3.9. Import of low quality Solid fastq paired reads may result in incorrectly matched pairs


When importing SOLiD paired reads in colorspace fastq format using the SOLiD import tool, reads without quality scores will be discarded.  This can lead to a mispairing of later reads in the list.  For example with a pair of forward-reverse sequences with names read_1 and read_2, if read_1 had no quality scores, it would be discarded. However, read_2 is kept in the paired list and ends up paired with the next forward read, which is not its partner. Thus, the resulting Sequence List in the Workbench contains incorrectly paired reads.

Incorrectly matched pairs will lead to problems in any analysis where paired information is taken into account, e.g. when mapping reads to reference sequences, most pairs would be expected to be recorded as broken pairs.

Who is affected

Anyone who has SOLiD colorspace fastq data, for which quality data is missing for one or more reads, and who has imported the data using the tool: Import | SOLiD. 

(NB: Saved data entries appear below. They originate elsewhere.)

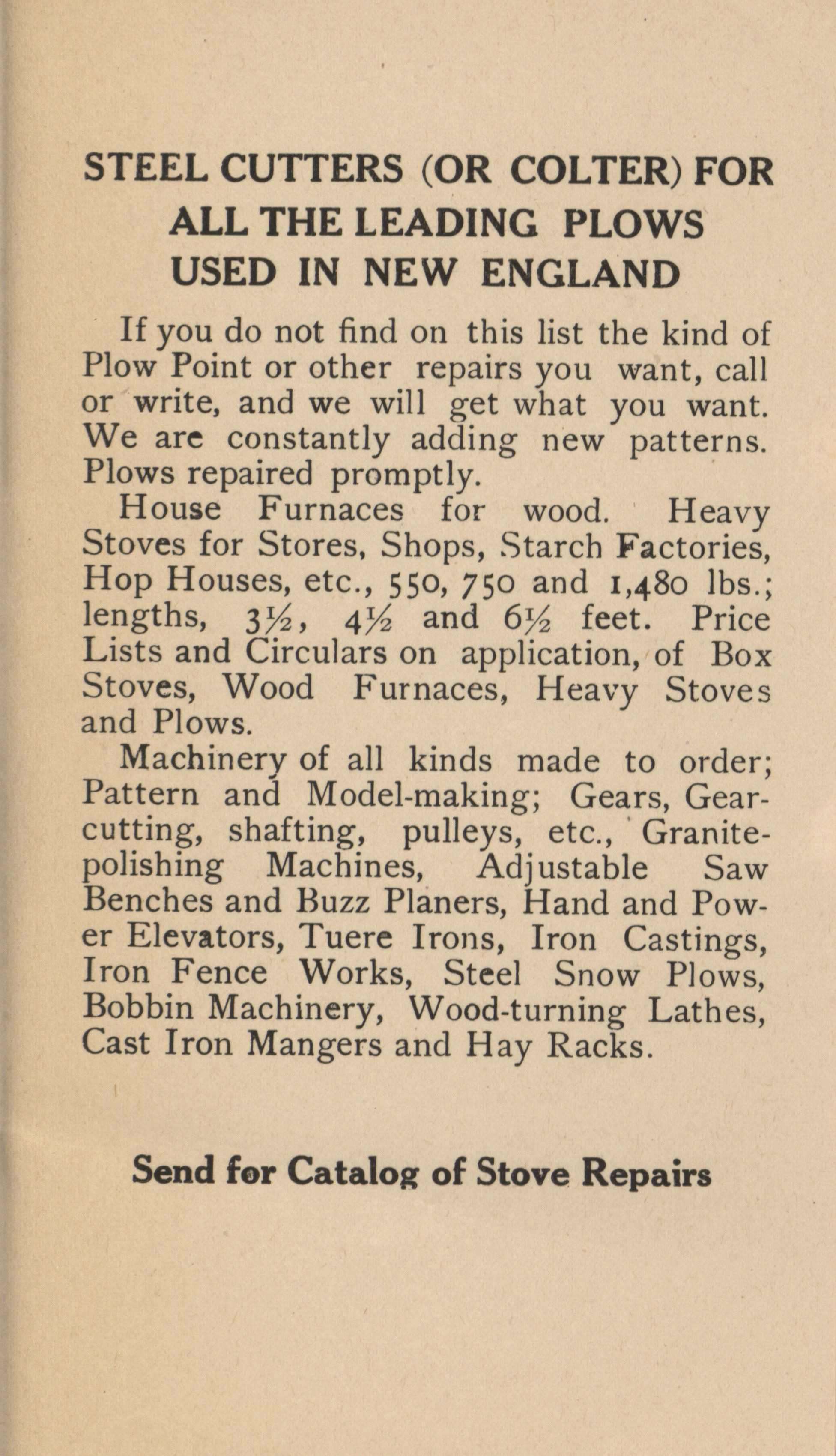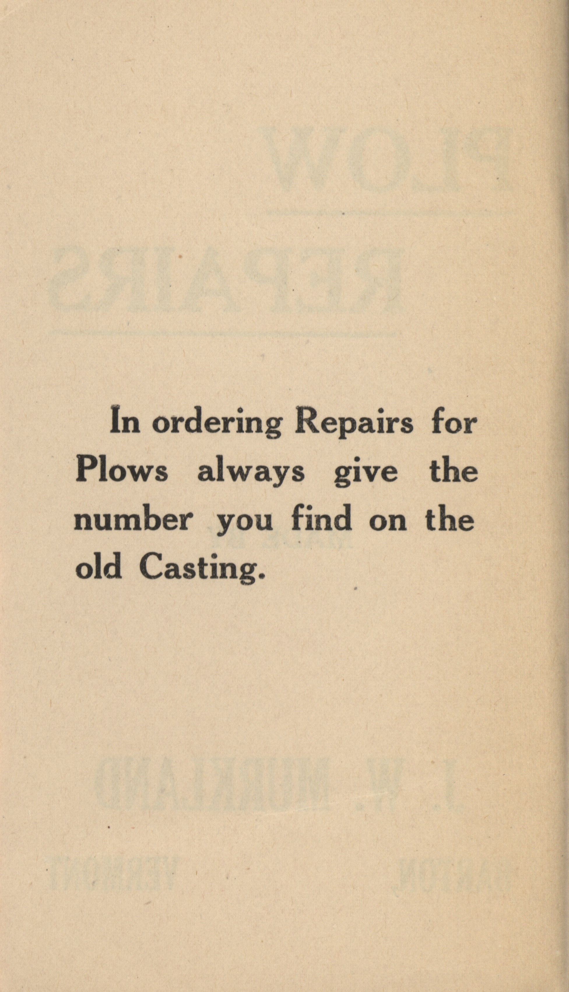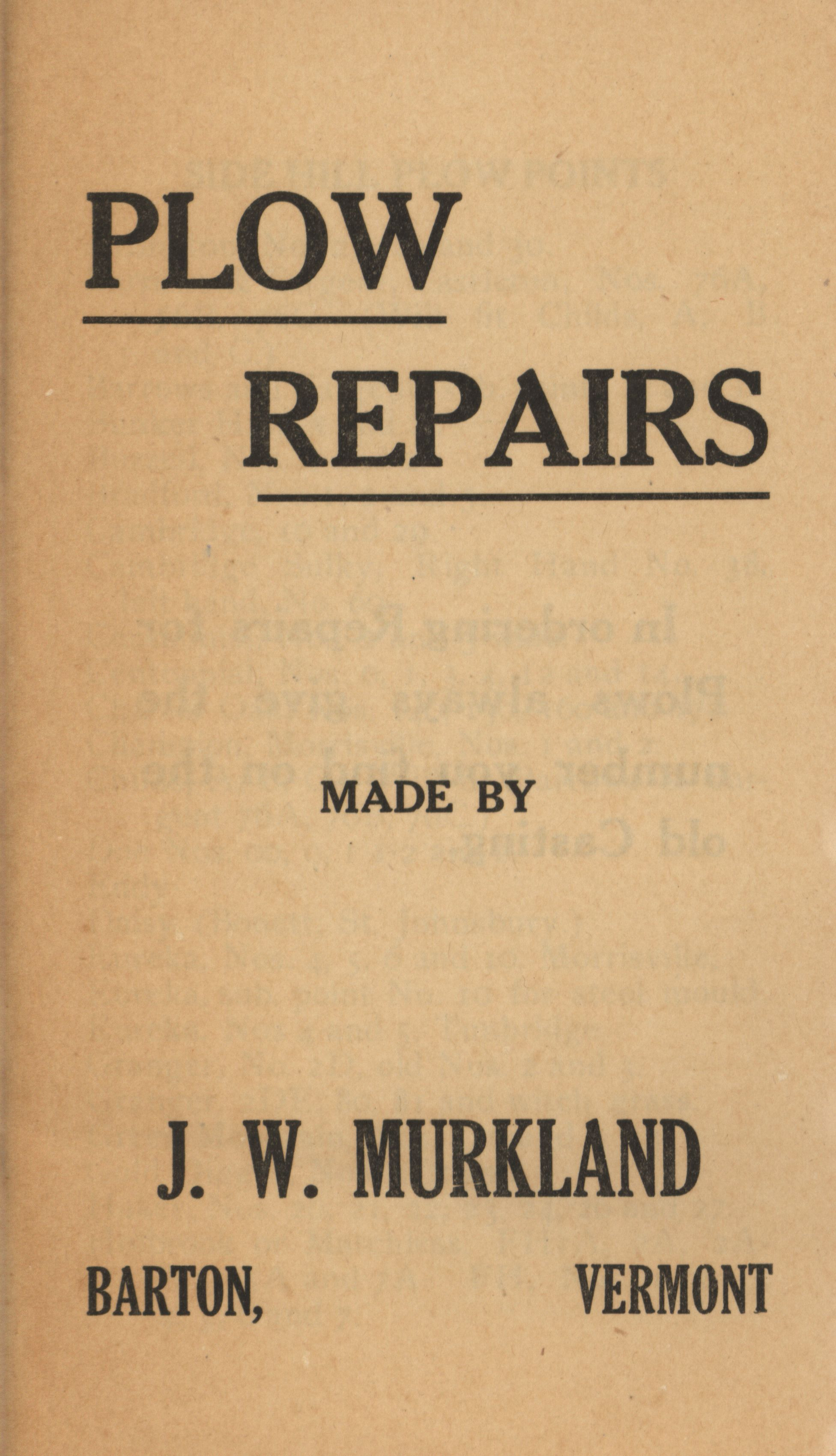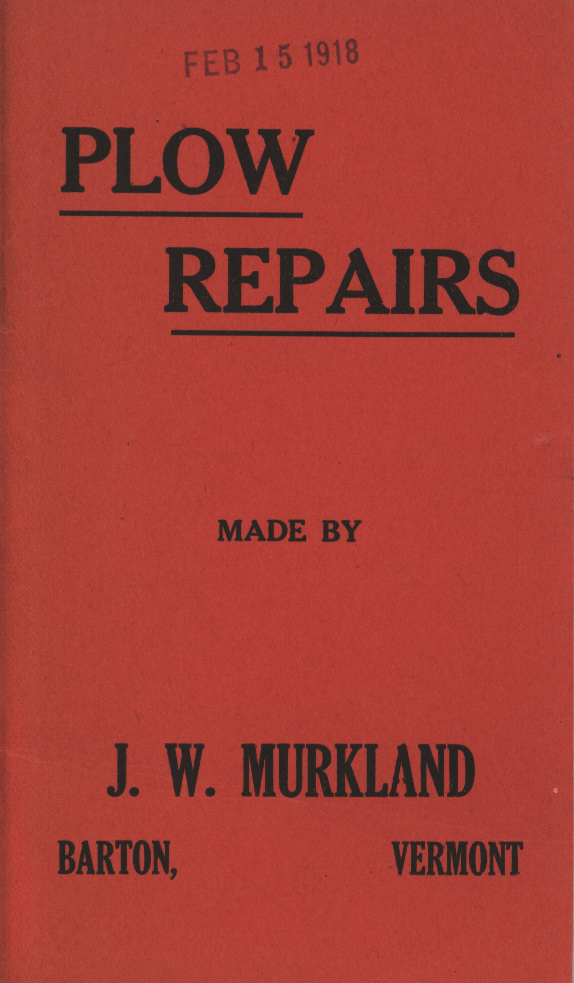 J. W. Murkland 1918 Plow Repairs catalog Item Info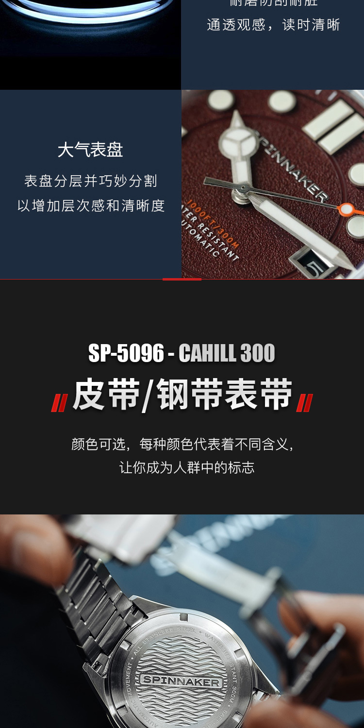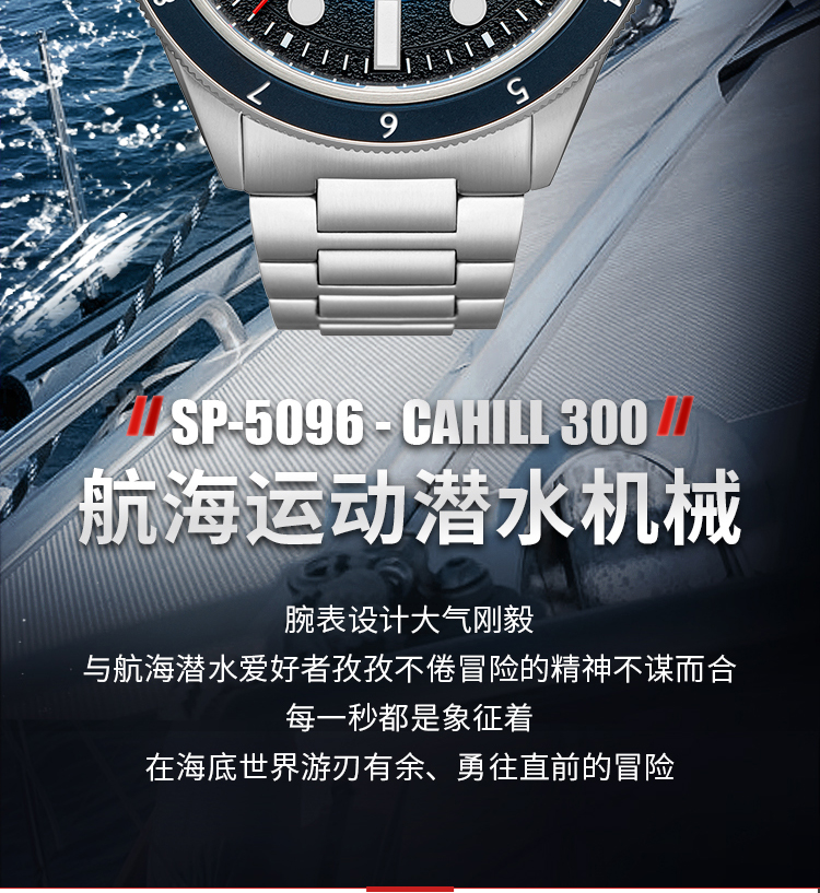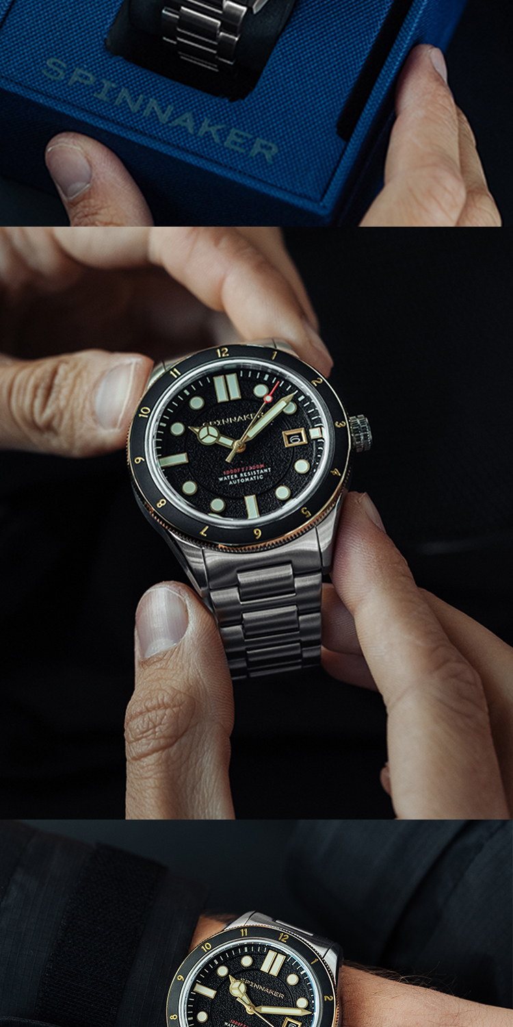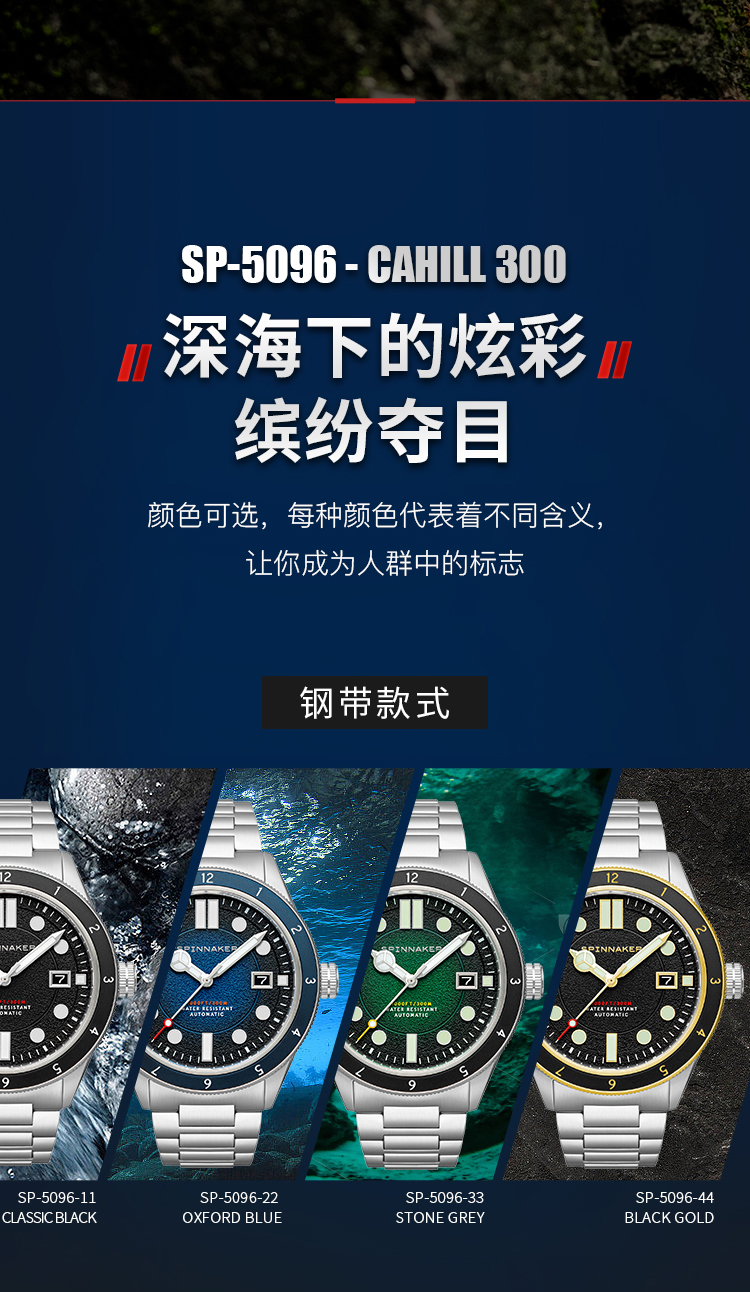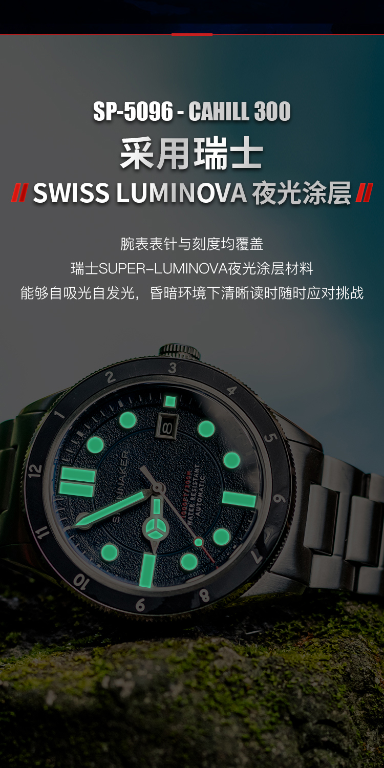 新款|英国SPINNAKER三角帆复古自动机械潜水手表CAHILL夜光5096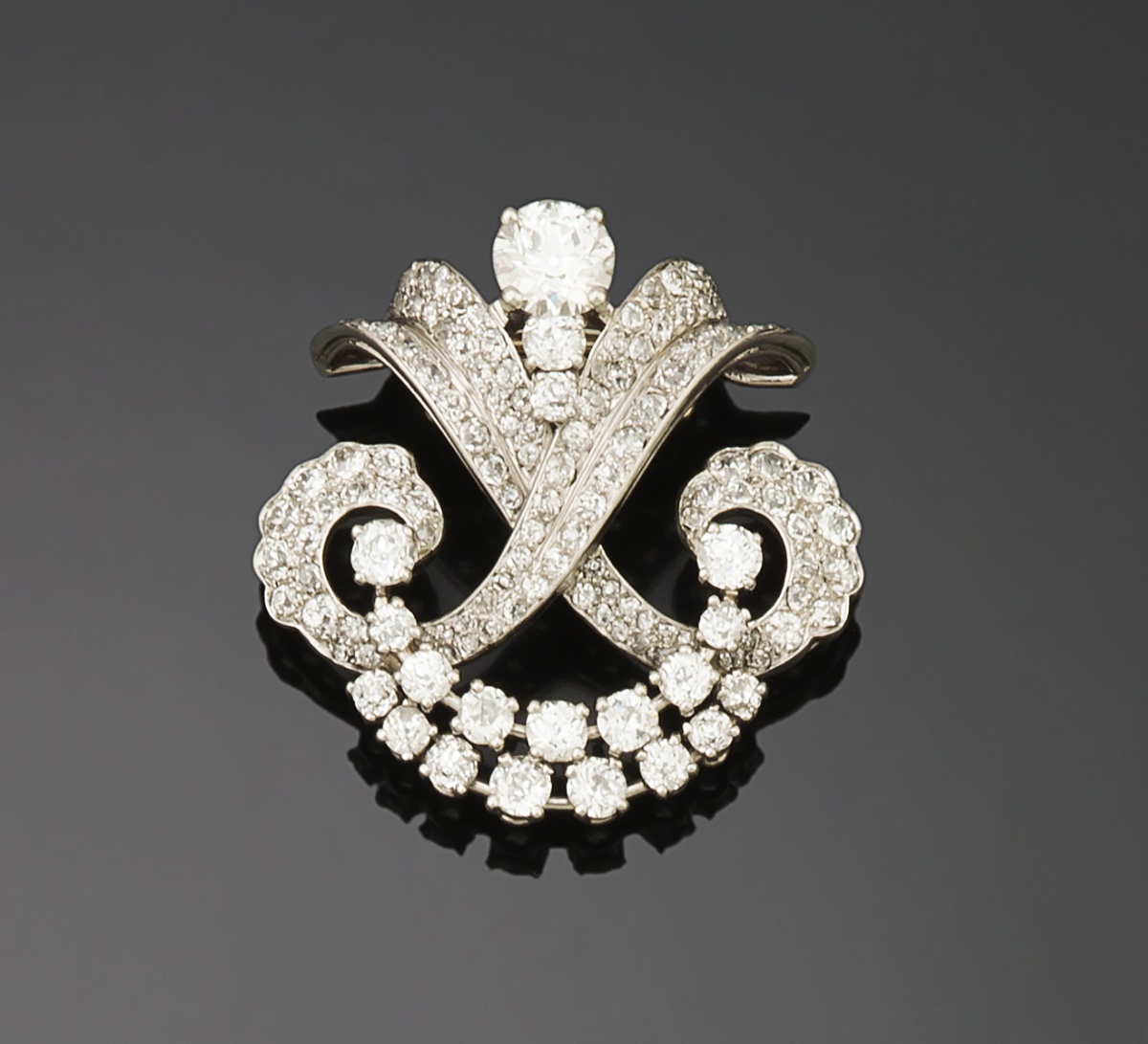CLIP de revers en platine 850 millièmes et or gris 750 millièmes ajouré, à décor de deux volutes entrecroisées et deux lignes, entièrement serti de DIAMANTS ronds de taille ancienne, un plus important demi-taille d'environ 1 à 1,2 carats.

You will not be affected if quality information is present for all your SOLiD sequencing reads.

The issue is present in CLC Genomics Workbench 8.0.1 and prior versions, the CLC Cancer Research Workbench 2.0 and earlier, and the Biomedical Genomics Workbench 2.1.

This issue was fixed in CLC Genomics Workbench 8.5 and Biomedical Genomics Workbench 2.5, released in September, 2015.